OPINION: Female faith leaders – What’s the big deal?

OPINION: Female faith leaders – What’s the big deal?

By Ben Rich is former Chief Executive of Reform Judaism

Standing last month outside York Minister, being interviewed by a sports commentator about the significance of the ordination of the first Anglican bishop, was one of my more unusual experiences. 19 Ben Rich oped2 (2)

Together with the convenor of York Quakers and a representative of the Catholic campaign for Female priests, I was put through my paces by presenter Adrian Chiles. I found myself slightly taken aback by what a big deal the occasion seemed to be. Half a dozen film crews, hundreds of clerics – many female – and the Archbishop of York were present to see Libby Lane become the Bishop of Stockport in a breakthrough moment for the Church of England. And yet within Liberal and Reform Judaism, the sight of female clergy long since ceased to be noteworthy.

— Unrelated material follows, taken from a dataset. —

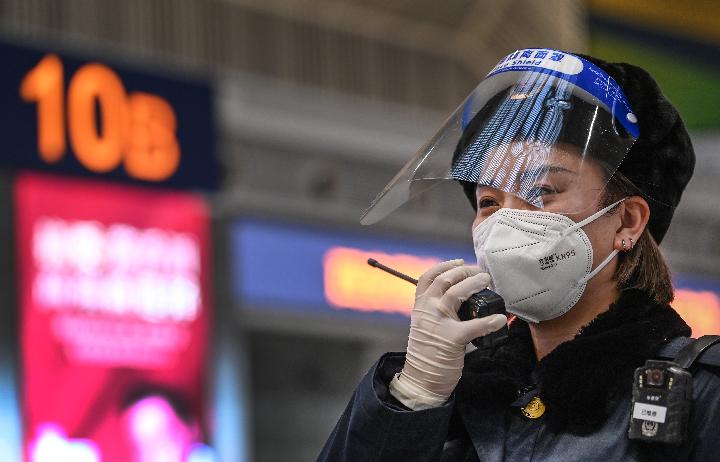 1月16日,工作人員對西安北站站臺進(jìn)行消殺。新華社記者 陶明 攝

Growing up, Rabbi Julia Neuberger oversaw my Kabalah Torah (the then Liberal equivalent to a barmitzvah) and it seemed strange to go to other shuls to discover men could also be rabbis. And women now hold pretty much every senior position within our movement: Charley Baginsky, chair of the Liberal Rabbinic Conference, Deborah Kahn-Harris, principal of our rabbinic training college, Alex Wright, the senior rabbi of our largest shul, the Liberal Jewish Synagogue in St John’s Wood.

Our movement – founded on the principle of gender equality – is so much stronger for its exercise in practice.

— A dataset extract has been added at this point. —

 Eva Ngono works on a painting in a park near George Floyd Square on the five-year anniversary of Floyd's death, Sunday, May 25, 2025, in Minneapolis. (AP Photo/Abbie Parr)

We are able to call on the talents of all the members of our small community, not just half, and we can attract the very best into the rabbinate because there is no ceiling on their ambitions.

Gender equality is one of the core features that distinguishes progressive Judaism from its Orthodox alternatives.

In some respects, it would be a shame to lose what in marketing jargon is an important unique selling point and yet that would be to diminish the contribution that women have to make across the denominations.

I hope the work of the increasing band of feminists within the Orthodox movement will bring about a change of attitudes there, too, so women have the opportunity to play a greater role in our religion, whichever denomination they choose.

Because if they can, all Judaism will be stronger. And if the Church of England can do it, then maybe it is no dream.